* THE RECORDS
○ ○ ○ ○

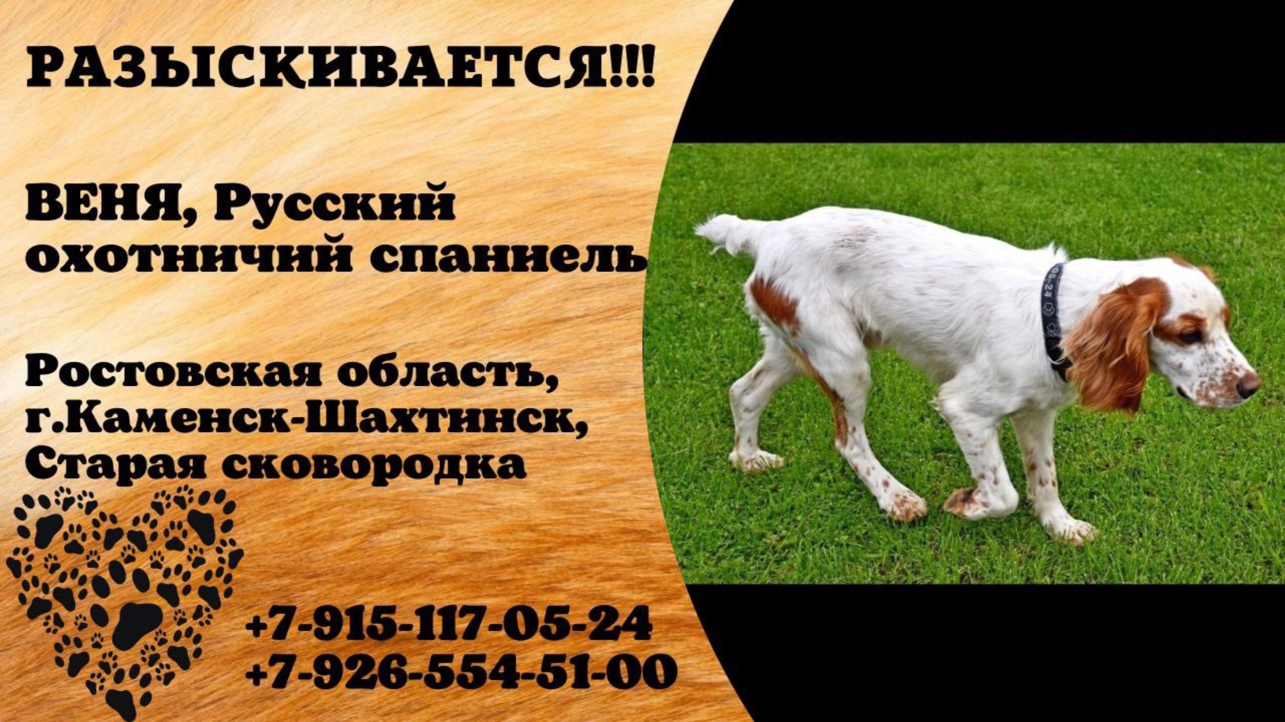Пропала собака! ВЕНЯ, Русский охотничий спаниель. Ростовская область, г.Каменск-Шахтинск.
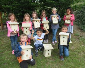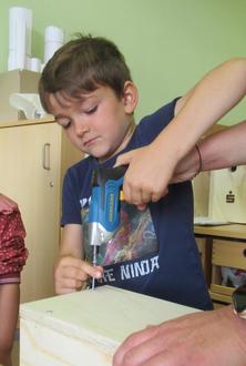 Gemeinsam mit Sophie bauten sie mit viel Freude und Spaß ihren eigenen Nistkasten zusammen.
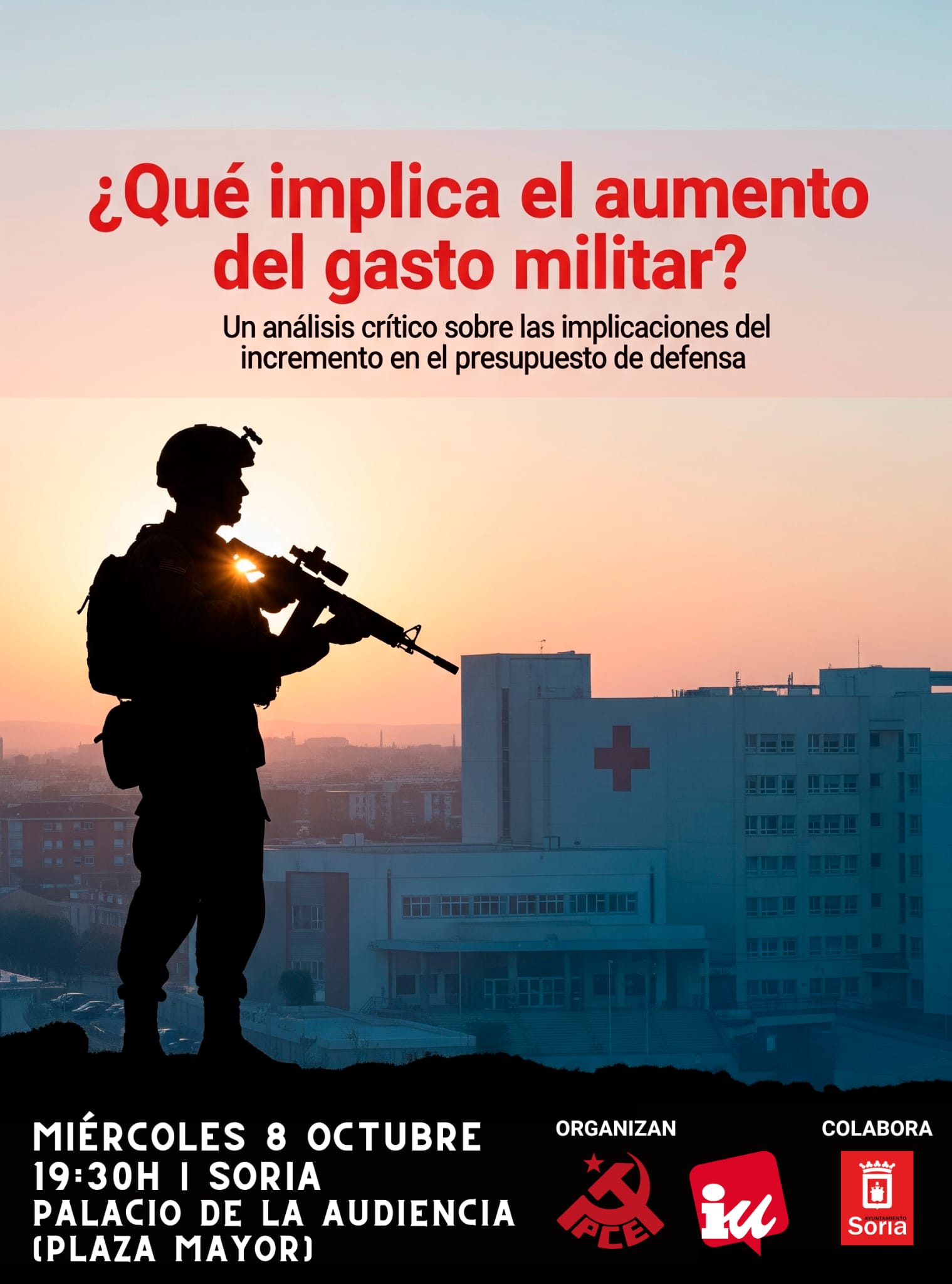 Soria, 4 de octubre de 2025 - El Partido Comunista de España (PCE) en Soria invita a todos los ciudadanos y ciudadanas a la charla-coloquio titulada "¿Qué implica el aumento del gasto militar?". El acto tendrá lugar el próximo miércoles, 8 de octubre de 2025, a las 19:30 horas en el Palacio de la Audiencia, situado en la Plaza Mayor de Soria.
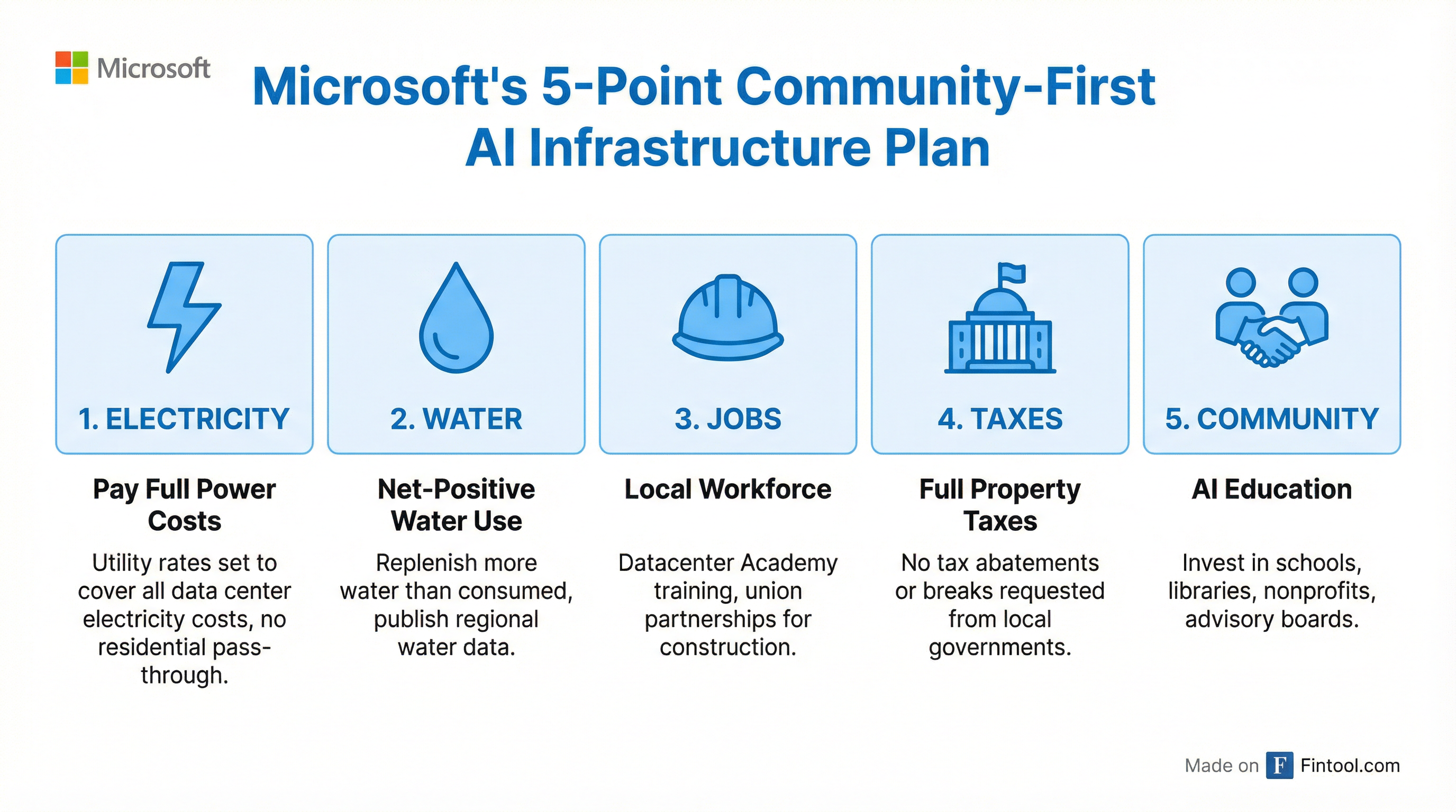 Microsoft's initiative includes five concrete commitments designed to address the most common community concerns around data center development:
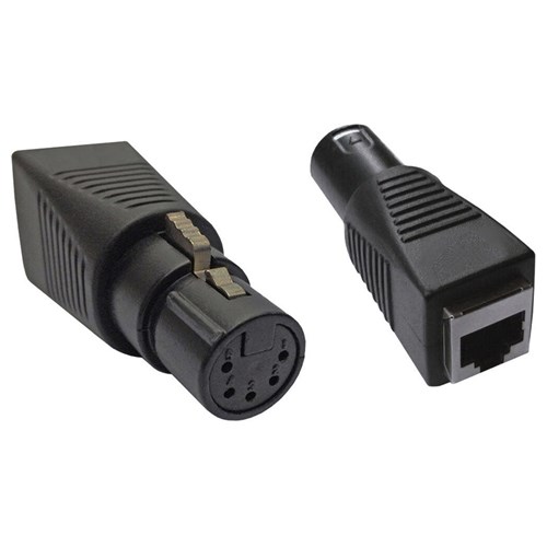 - Features and RJ45 male connection on one side, and 5-pin XLR connection on the other
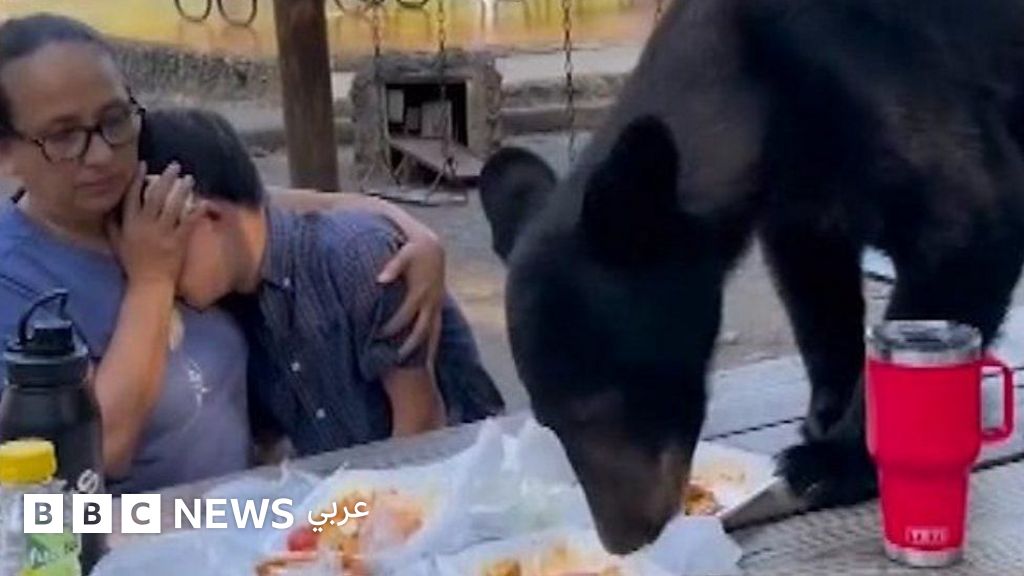 قطع دب أسود جائع نزهة أم وطفلها كانا يتناولان الطعام في حديقة تشيبينك في المكسيك في ولاية نويفو ليون وصعد إلى طاولتهما والتهم طعامهما لكنهما ظلا بلا حراك.
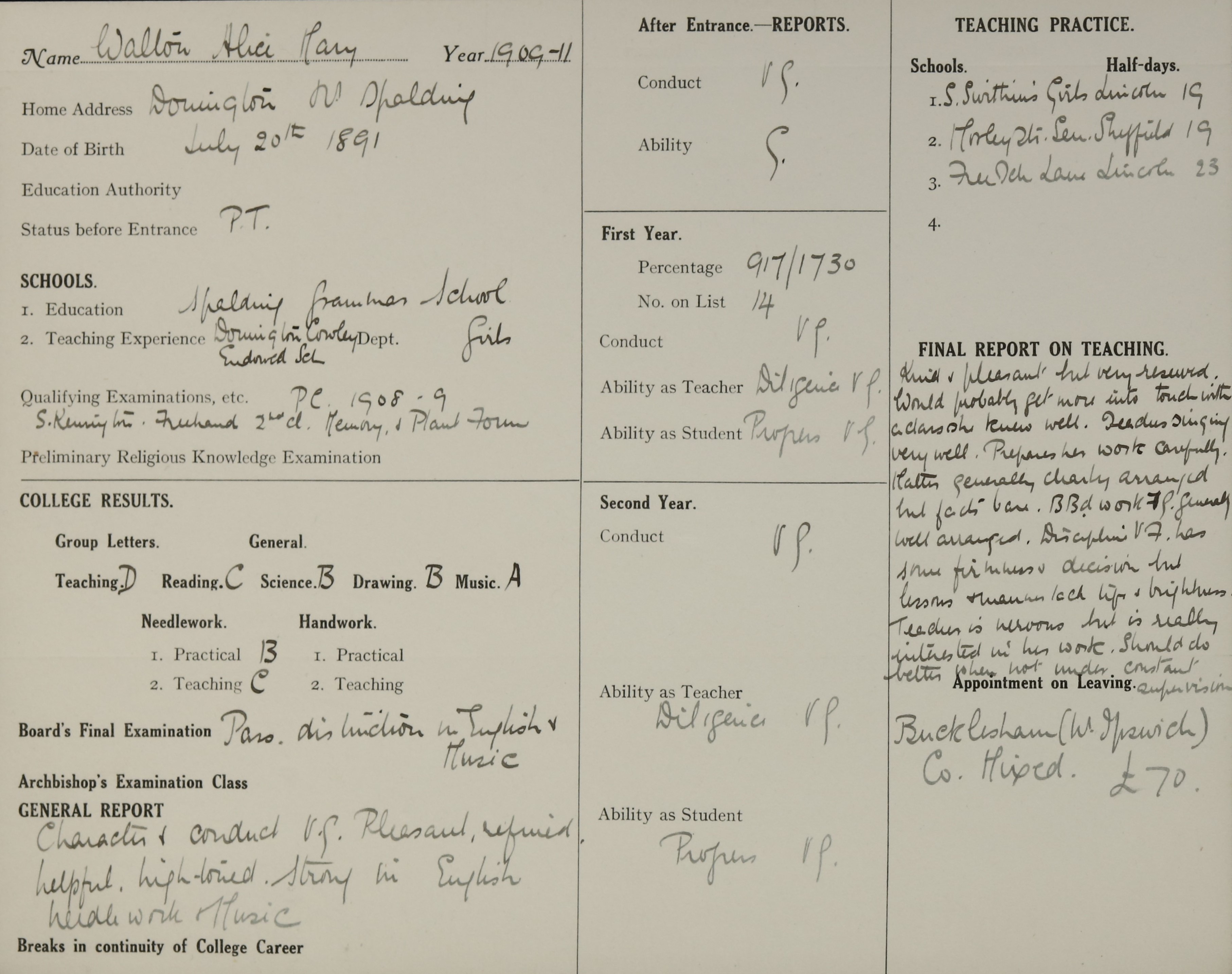 She is at 49 Oakley Road, Luton. Her husband is listed as ‘Local Government Servant – Treasury Department’. Alice is listed as ‘Formerly Elementary Certified Teacher’. Her daughter, Dorothea, is unlisted. There is a closed record.
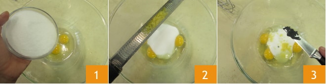 Para realizar la tarta sin leche, verted en un bol los huevos y el azúcar 1, la ralladura de medio limón y las semillas de la vaina de vainilla 3.
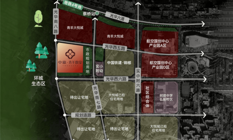 不仅如此,蔡桥之于青羊,其战略地位,犹如林家坝之于锦江,作为“青羊主城最后可成片开发的珍贵土地”,目前尚有200亩住宅地块未开发,且预计未来住宅用地容积率普遍在1.5-2.0,打造全城西稀缺的成片低密住区,也是大悦城旁的高端居住封面。
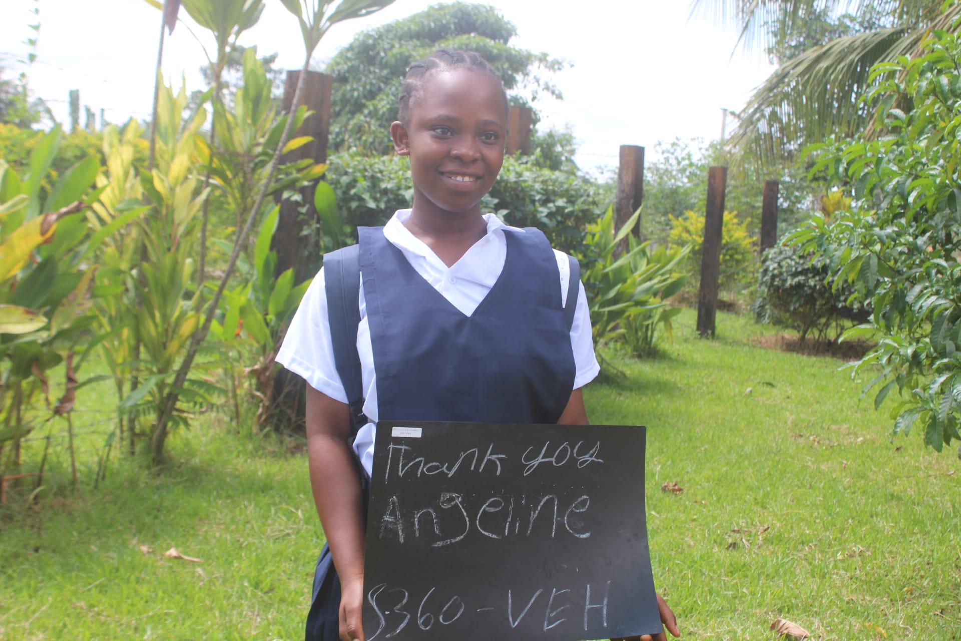Angeline advanced to the fifth grade and excels in English, earning high praise as an outstanding student. She lives with her sister in the village, and after school, she goes home to complete various housework responsibilities, showing dedication both in and out of the classroom. Sponsored by: D’Anna Freiberg
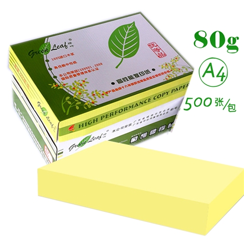 绿叶(GreenLeaf) 彩色复印纸 A4 80g 500p 黄色

○ ○ ○ ○

* TASK DESCRIPTION
If a picture sits between the line containing "قطع دب أسود" and the line containing "She is at 49", leave it out, and return the lines of that range above exactly, both ends included.

* EXERCISE RESPONSE
 قطع دب أسود جائع نزهة أم وطفلها كانا يتناولان الطعام في حديقة تشيبينك في المكسيك في ولاية نويفو ليون وصعد إلى طاولتهما والتهم طعامهما لكنهما ظلا بلا حراك.
 She is at 49 Oakley Road, Luton. Her husband is listed as ‘Local Government Servant – Treasury Department’. Alice is listed as ‘Formerly Elementary Certified Teacher’. Her daughter, Dorothea, is unlisted. There is a closed record.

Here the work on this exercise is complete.